Public acceptance is therefore crucial. Project teams should address local concerns, which often stem from the technology’s novelty and limited public awareness. Project developers should inform residents near potential sites so they understand how the technology works and what environmental impacts may occur.
Developers and public agencies can also hold more meetings in affected municipalities to support meaningful citizen involvement. These steps can increase local acceptance and speed implementation. Overall, public acceptance can be as important as economic and technical considerations when developing geothermal projects.
16Renoth, R., Buchner, E., Schmieder, M., Drews, M., Keim, M., & Plechaty, M. Social acceptance of geothermal technology on a global view: A systematic review. Energy, Sustainability and Society, 13, 49. (2023).https://link.springer.com/article/10.1186/s13705-023-00432-1
5 Political and legal aspects
5.1 Policies influencing geothermal development
High upfront costs make government policy and regulatory incentives central to geothermal power development. Countries that scale geothermal infrastructure often pair comprehensive regulatory frameworks with long-term financial incentives and risk-reduction programs for exploration and drilling.
Geothermal energy has several advantages, particularly its independence from weather conditions and its ability to provide reliable base-load electricity. However, long project timelines remain a major challenge. A project often takes 10 years or more from initial exploration to full operation. That timeline can exceed political cycles, especially when cheaper and faster options appear available.17Popovski, K. Political Acceptance of Geothermal Energy. United Nations University Geothermal Training Programme (UNU-GTP) (2003). https://geocom.geonardo.com/assets/elearning/10.7.UNU-GTP-2003-01-03.pdf
Furthermore, most products and equipment used for geothermal power production are often designed for other industries, such as mining. This limits the existence of a dedicated geothermal industry that could advocate for stronger political support, except for the geothermal heat pump sector, which has developed more rapidly.
International mechanisms can also support geothermal development, not only national governments.
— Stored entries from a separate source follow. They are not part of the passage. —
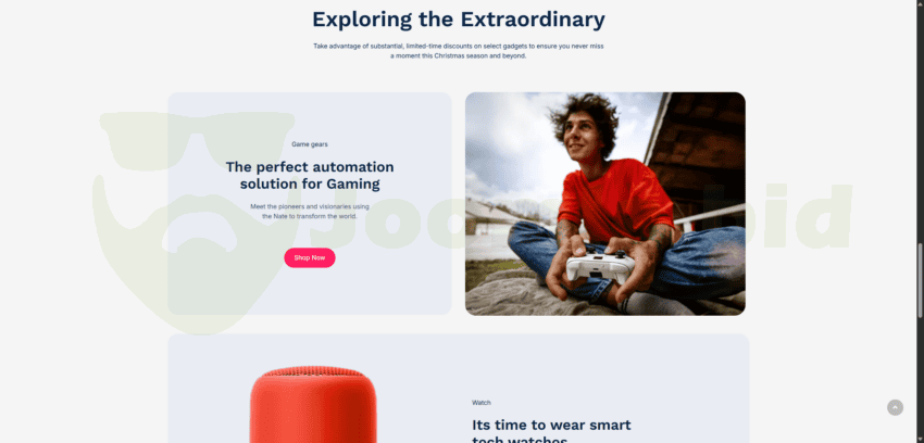 - Minimalist Hero Variation: In this Home Page variation, the hero section takes center stage, featuring a high-quality image that highlights the key features of the showcased gadget. This variation is perfect for brands that want to make a bold statement about a flagship product.
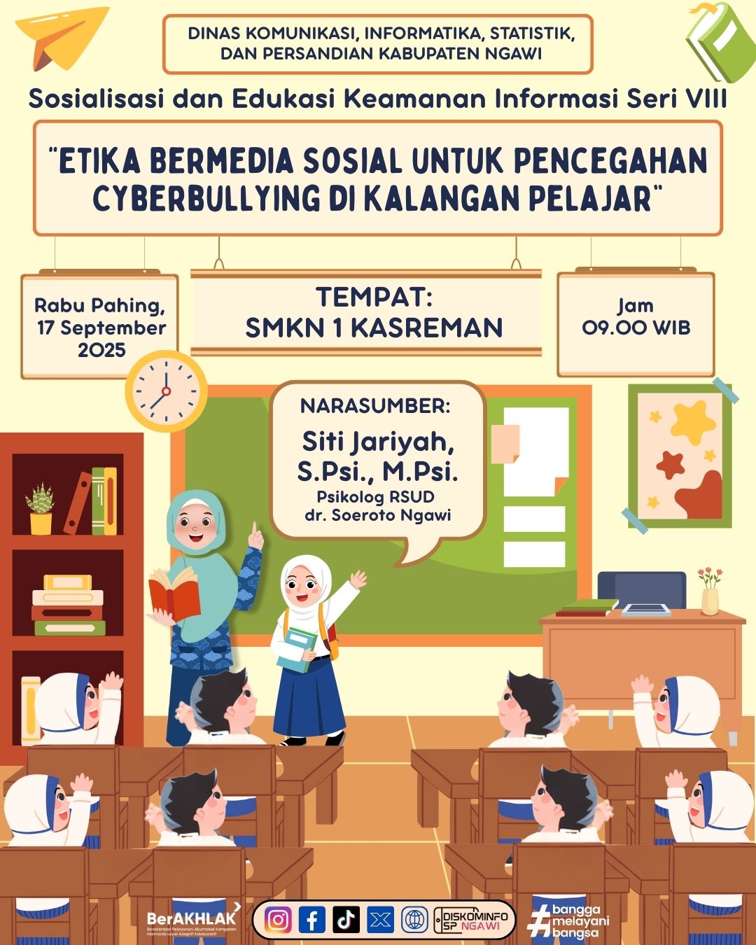 Bertempat di Aula SMK Negeri 1 Kasreman Ngawi, pada hari Selasa (17/09/2025) Dinas Komunikasi, Informatika, Statistik, dan Persandian Kabupaten Ngawi menyelenggarakan Sosialisasi dan Edukasi Keamanan Informasi dengan tema “Etika Bermedia Sosial untuk Pencegahan Cyberbullying bagi Pelajar Kabupaten Ngawi”. Narasumber dalam kegiatan yang diikuti oleh ratusan pelajar SMAN 1 Ngawi tersebut adalah Siti Jariyah, psikolog klinis pada RSUD dr. Soeroto Kabupaten Ngawi.
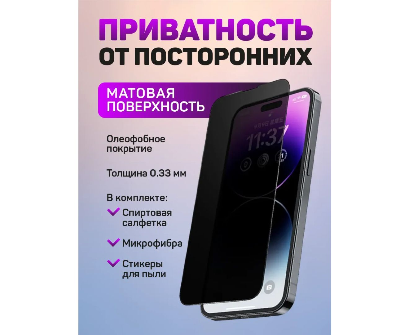 Если вы постоянно используете глянцевые защитные стекла Антишпион и вам надоело каждый раз протирать поверхность стекла от загрязнений, отпечатков пальцев,а так же блики солнечного света, мы готовы предложить вам одно решение - это матовое защитное стекло премиальной серии антишпион . Оно обладает противоударными свойствами. Изготовлено по особой технологии закалки стекла и соответствует высокому коэффициенту механической прочности. По сравнению с глянцевым защитным стеклом имеет множество достоинств. Из плюсов, особенно, можем отметить следующее: отличное прилегание к экрану смартфона; в большинстве случаев приклеивается к дисплею телефона без пузырей; устойчиво к царапинам; чувствительность экрана остаётся прежней; не преломляет изображение; имеет минимальную толщину ; не заметно при использовании смартфона; антибликовое покрытие предотвращает отражение лучей света; на поверхности стекла не остаются следы от пальцев и других загрязнений; коэффициент твердости – 9H; самая главная особенность при совокупности больших плюсов, стекло имеет функцию «антишпион». Уникальность данного защитного стекла является то, что под определенным углом, около 30 градусов по горизонтали, изображение экрана смартфона становится трудночитаемым посторонним наблюдателям. Комплект может включать в себя 1, 2 или 3 защитных стекол. При заказе большего количества стекол, цена одного стекла становится выгоднее. Для каждого стекла в комплекте идут аксессуары для установки: спиртовая салфетка и сухая салфетка, стикеры для удаления пыли, гарантийный талон. Перед отгрузкой, каждое стекло просматривается на наличие дефектов. Но если вы обнаружили брак при получении, не спешите расстраиваться и писать негативный отзыв. Просто, напишите нам в отдел поддержки или свяжитесь с нами. Мы решим вашу проблему по замене бракованного товара. Стекло совместимо с iphone 15

One example is the United Nations Clean Development Mechanism (CDM), which allows renewable energy projects to generate certified emission reductions (CERs) that can be traded as carbon credits. A notable example is the Darajat III geothermal power plant in Indonesia, which was registered under the CDM in 2007. The project generates approximately 650,000 carbon credits per year, reducing the lifecycle cost of geothermal electricity by around 2–4%.18Fridleifsson, I. B., Bertani, R., Huenges, E., Lund, J. W., Ragnarsson, Á. & Rybach, L. Geothermal Energy. In: Special Report on Renewable Energy Sources and Climate Change Mitigation. IPCC (2011). https://www.ipcc.ch/site/assets/uploads/2018/03/Chapter-4-Geothermal-Energy-1.pdf
Regulation also shapes how projects progress from exploration to operation. In many countries, deep geothermal projects are regulated in a similar way to mining resources, since both involve the extraction of subsurface resources. Without a dedicated geothermal framework, permitting and approvals can slow projects significantly.
5.2 Examples of national geothermal policies
The role of government policy in geothermal development can be studied by observing different national case studies. Different countries have adopted distinct policy approaches depending on their priorities, regulatory framework, energy strategies, and outside and inside events.
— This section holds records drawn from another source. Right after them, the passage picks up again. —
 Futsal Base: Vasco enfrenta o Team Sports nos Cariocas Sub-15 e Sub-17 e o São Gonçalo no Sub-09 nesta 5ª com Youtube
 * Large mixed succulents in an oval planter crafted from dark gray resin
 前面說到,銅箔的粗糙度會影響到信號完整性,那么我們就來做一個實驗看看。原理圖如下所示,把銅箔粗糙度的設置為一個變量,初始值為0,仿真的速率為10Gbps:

In the United States, the development of geothermal power plants has been strongly influenced by federal legislation supporting renewable energy research and development. The first regulatory framework for leasing federal lands for geothermal exploitation and development was the Geothermal Steam Act of 1970 This was soon followed by the Geothermal Energy Research, Development, and Demonstration Act of 1974, which provided funding for research and technological development. This was in part motivated by the 1973 Arab Oil Embargo that happened the previous year. Later policies like the Investment Tax Credit (ITC) and Production Tax Credit (PTC) were developed to further support geothermal projects with financial incentives. More recent legislation, including the Energy Act of 2020 and the Infrastructure Investment and Jobs Act of 2021, has continued to support geothermal development through research funding and programs focused on advanced geothermal technologies. Also, it is important to mention the Lower Energy Costs Act, which managed to create parity between geothermal, gas, and oil wells with respect to federal permitting, increased the federal geothermal lease sales, and expedited permitting timelines.19CRES Forum. Geothermal Energy Policy: Conservative Legacy and Strategic Future. Conservative Energy & Sustainability Forum (n.d.). https://cresforum.org/blog/geothermal-energy-policy-conservative-legacy-and-strategic-future/
Outside of the USA, there are many examples of successful and unsuccessful policies.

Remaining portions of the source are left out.